Trump's allegations, ironically, stem from a 2010 article in The New York Times, a publication he has repeatedly denounced as "fake news."

The newspaper reported during Blumenthal's 2010 Senate bid that he had mischaracterized his military service during the Vietnam war.

"We have learned something important since the days that I served in Vietnam," Blumenthal said at a campaign event in March 2008. "And you exemplify it. Whatever we think about the war, whatever we call it—Afghanistan or Iraq—we owe our military men and women unconditional support."

In fact, Blumenthal never served in Vietnam.

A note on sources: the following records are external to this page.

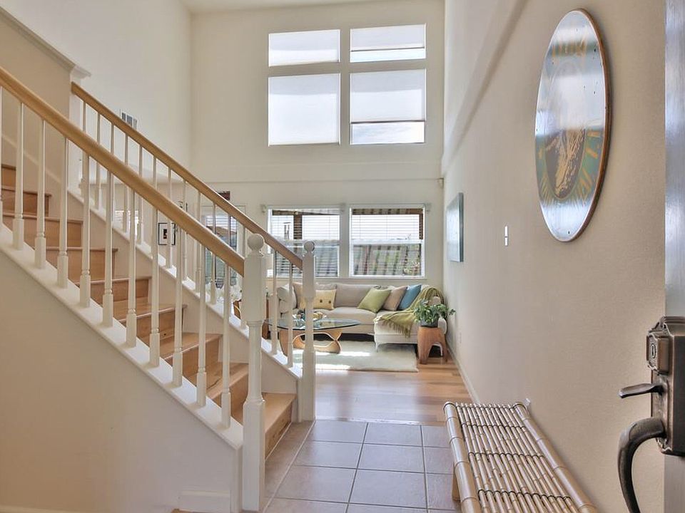Beautiful 1285sq feet house Palomares Hills in Castro Valley 2beds 2.5 baths desirable townhome Beautifully maintained, brand new hardwood flooring, gas stove in kitchen, high ceilings with fireplace in living room, full bathrooms with each bedroom upstairs,two car attached garage, beautiful backyard with a spectacular view of open space and hills, very unique setting Amenities of the community: 2 Community pools Park Basketball courts Tennis courts Club house Hiking trails
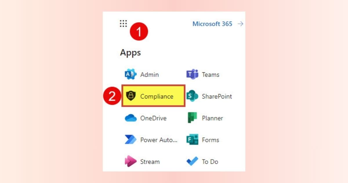 Từ trình khởi chạy ứng dụng Microsoft 365, bạn tìm và chọn biểu tượng Compliance (Tuân thủ) hoặc truy cập thẳng vào Microsoft Purview.
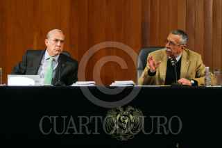 MÉXICO, D.F., 13ENERO2011.- José Ángel Gurría, director de la OCDE, y el politólogo Rolando Cordera participaron en la Facultad de Medicina en el foro: "Las Ciencias en la UNAM, construir el futuro de México". FOTO: ISAAC ESQUIVEL/CUARTOSCURO.COM
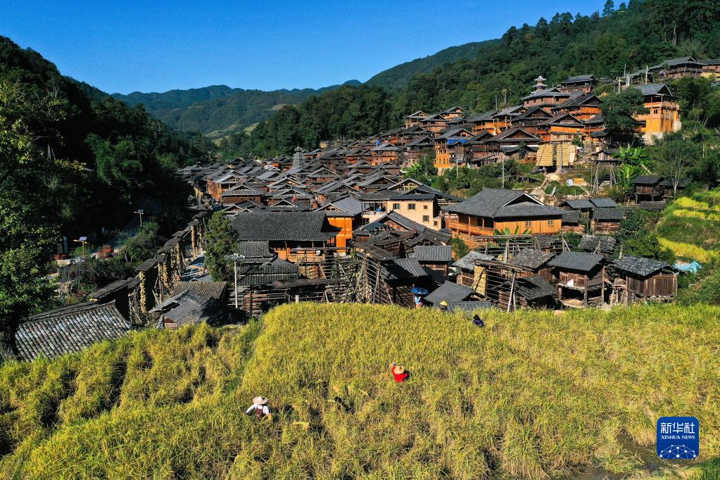 10月12日,贵州省从江县高增乡占里村的村民在采收“香禾糯”稻谷(无人机照片)。新华社记者 杨文斌 摄

He obtained at least five military deferments from 1965 to 1970 and took repeated steps that enabled him to avoid going to war, according to records obtained by the Times.

He then joined the Marine Corps Reserve, but did not see service in Vietnam.

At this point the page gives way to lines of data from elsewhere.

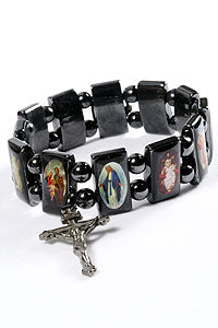 Magnetic, shiny black hematite religious bracelet with a crucifix mounted on a stretchable string. Very nice finish. Each panel is. 375" x. 500".
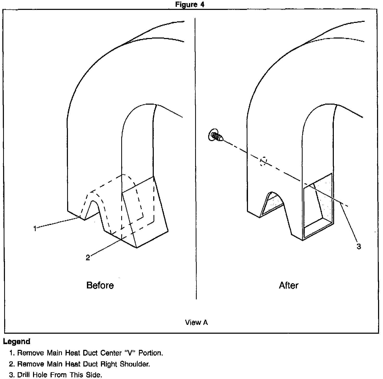 4. With the shoulder portion of the duct removed, drill a 9/32 inch hole in the left side of the duct, 1.25 inches up from the bottom of the duct (Figure 4). The removed portion of the duct opening allows the drill to be positioned so the hole can be made going through the duct from right to left.
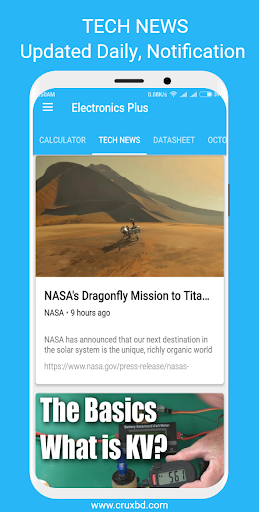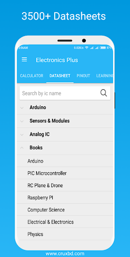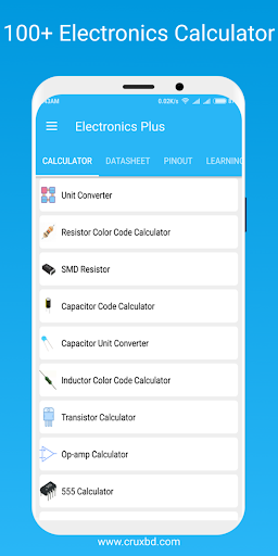 Electronics Plus is a compact app which is designed by CRUX where you will find Electronics, Electrical, Drone/RC Plane calculators, Aeronautics, Thousands of Datasheets collections, Component Pinouts in one App. It’s a must needed app for all Electronics and Electrical enthusiastic. We will be adding more calculators and features.
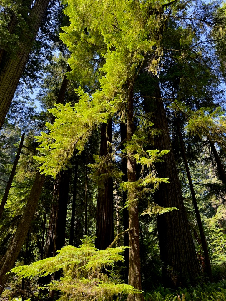 In California I stopped for a short hike in the redwood forest. You cannot image how tall they are and I could barely see the tops in a couple of places. The diameters are equally very large.
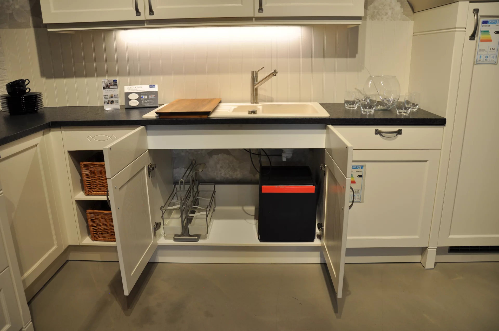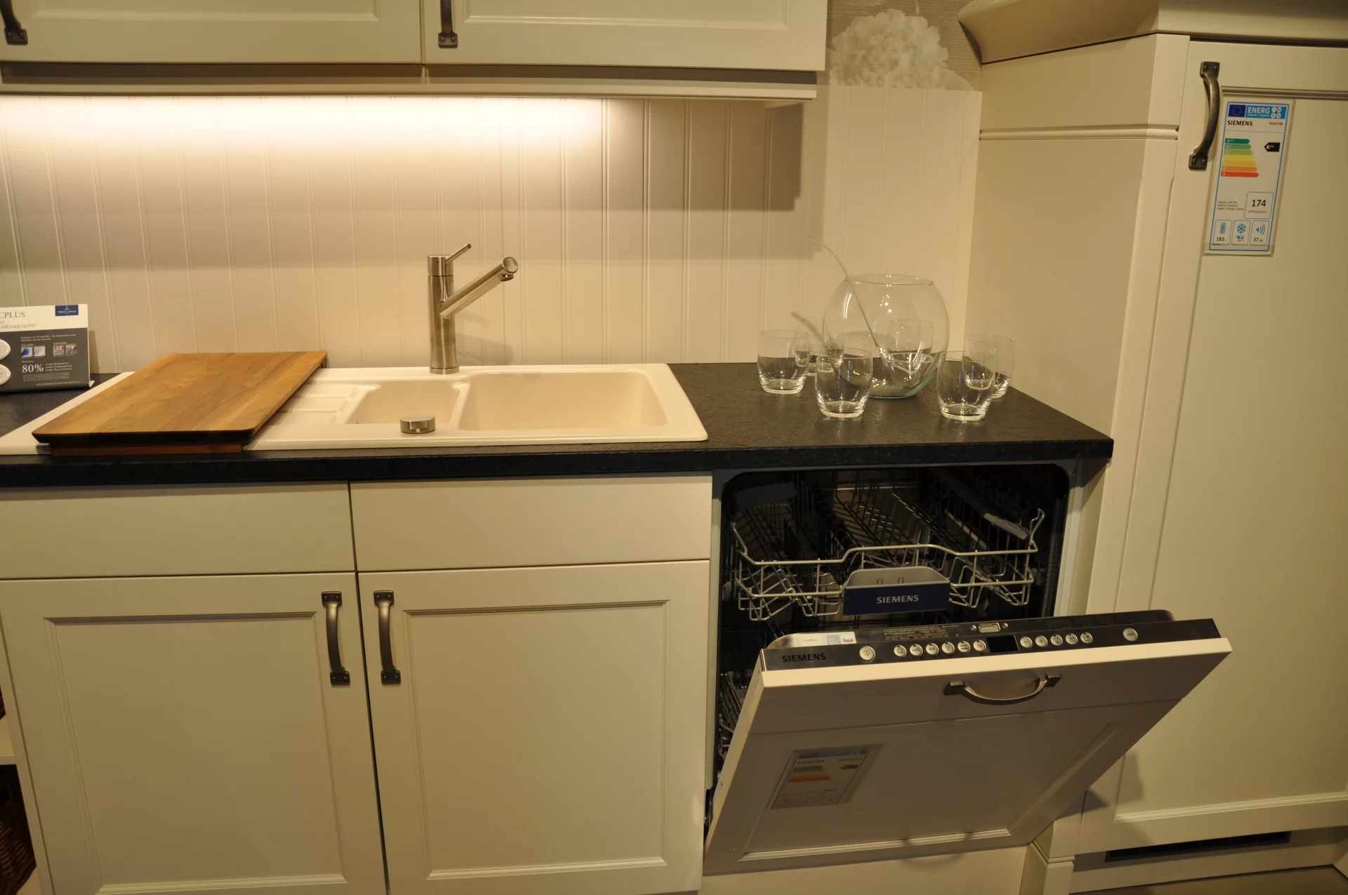HÄCKER Classic Küche „C130 Bristol - Magnolie -“ ausgestattet mit Marken Geräten der Firma Siemens und Villeroy & Boch Spüle und Armatur. Die Küche lässt sich frei umplanen und beliebig erweitern.
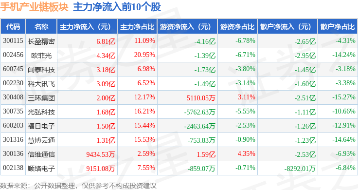 从资金流向上来看,当日手机产业链板块主力资金净流出82.48亿元,游资资金净流入17.42亿元,散户资金净流入65.06亿元。手机产业链板块个股资金流向见下表:
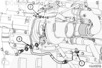 將渦輪增壓器冷卻液供應(yīng)軟管安裝到機油濾清器座 (1) 上。
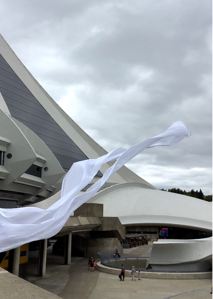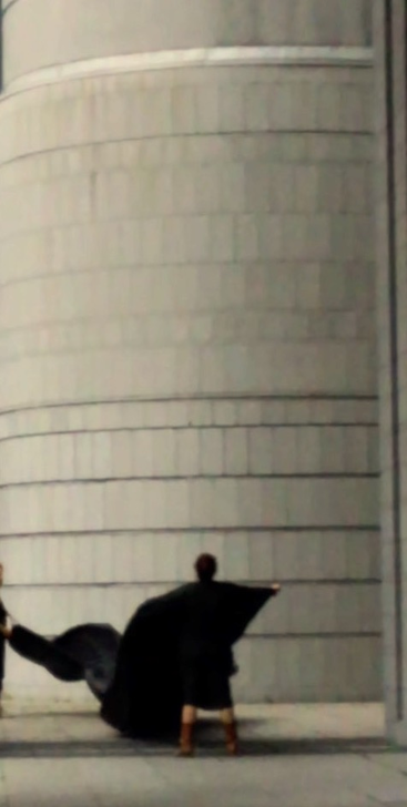 Perhaps the affective intensity of membranes in flux derived in part from their nomadic matter-of-flux, the ‘clothes-tent-space vector’ of the nomad’s outside, when what foregrounded were trajectories (souffles), and the subordination of striated architectural urban space to the informal multi-directional fluctuations of smooth space moving and morphing between its points, its verticals and horizontals. Intensities : wind, sound, light, the haptic made visible in the nomadic skin-clothes-sail vectors of the traveling interval.

Blumenthal, who then was Attorney General of Connecticut, apologized for misrepresenting his military service.

"I have made mistakes and I am sorry," he said in a statement. "I truly regret offending anyone. I will always champion the cause of Connecticut's and our nation's veterans."

Blumenthal won his race for the Senate and was re-elected for a second term in November.

Trump Hypocrisy?

Critics say the president is in no position to disparage Blumenthal's military record or attack his public statements on the matter.

According to the military records, the president received five deferments of his own during the Vietnam war: three for medical reasons, and two educational.

Trump told the Times in 2016 that he had been diagnosed when young with heel spurs (caused by a calcium buildup in the heel bone) and given a doctor's note exempting him from service.

Trump's longtime personal physician, Dr Harold Bornstein, made no mention of the heel spurs when he gave Trump a clean bill of health when the reality TV star and property developer announced his candidacy. Trump told the Times he had not had an operation for the condition and could not recall when it no longer bothered him.

However, Trump has also claimed that his luck in the draft lottery allowed him to avoid service.

"If I would have gotten a low [draft] number, I would have been drafted. I would have proudly served," he told ABC News. "But I got a number, I think it was 356. That's right at the very end. And they didn't get—I don't believe—past even 300, so I was—I was not chosen because of the fact that I had a very high lottery number."

A spokesman for the Selective Service System told the Times that Trump's draft number would have been irrelevant, given his medical exemption.

Blumenthal Hits Back

Blumenthal hit back at Trump's tweets, accusing the president of bullying and referring to the ongoing investigaton into the Trump camp's alleged Russia ties by Special Counsel Robert Mueller.

"Mr. President: Your bullying hasn't worked before and it won't work now. No one is above the law," he tweeted.

"This issue isn't about me—it's about the Special Counsel's independence and integrity."